Project Title:Autonomous Drone Navigation Using Machine Learning

Objective:

To develop a machine learning-based system that enables a drone to navigate through environments autonomously, avoiding obstacles and reaching target destinations safely.

Summary:

This project focuses on teaching a drone how to fly by itself using machine learning techniques. The idea is to make the drone understand its surroundings and make decisions—like turning, moving forward, or stopping—based on data from sensors or cameras.

The project can use supervised learning (for object detection and path following) or reinforcement learning (where the drone learns through trial and error). A simulator (like AirSim or Gazebo) is often used for training before deploying to a real drone to avoid crashes.

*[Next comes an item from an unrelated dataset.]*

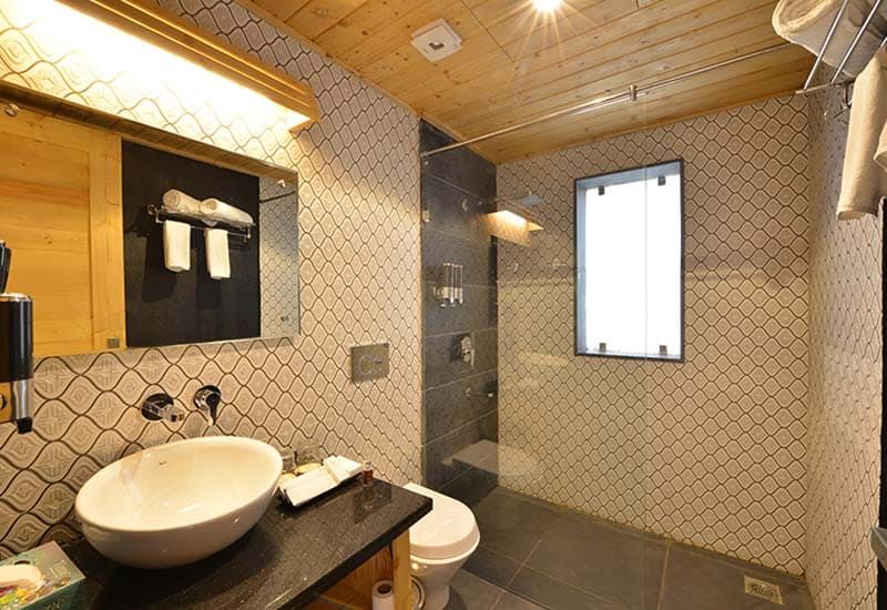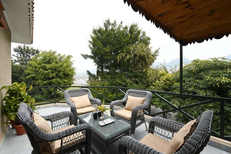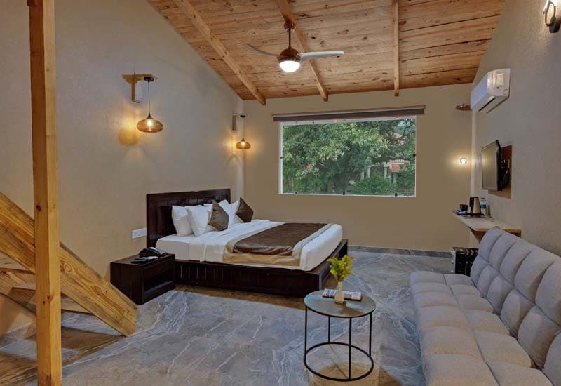 Sarang Family Rooms feature a king-size bed and a dedicated Machan for kids, offering a comfortable and family-friendly space. Each room includes a balcony or private sit-out area, with the option of enjoying a peaceful garden view. The room elegantly blends modern artistic design with essential home comforts and conveniences, ensuring a relaxing and memorable stay for all.

Key tasks include path planning, obstacle detection, and decision-making. Deep learning models like CNNs can be used for image processing, while RL algorithms like Deep Q-Learning or PPO help in movement decision-making.

Key Steps:

Set Up Simulation/Drone Environment – Use tools like AirSim, Gazebo, or a real drone.

Collect Data – Use camera images, LiDAR, or sensor data.

Train Models – For navigation, obstacle detection, and path planning.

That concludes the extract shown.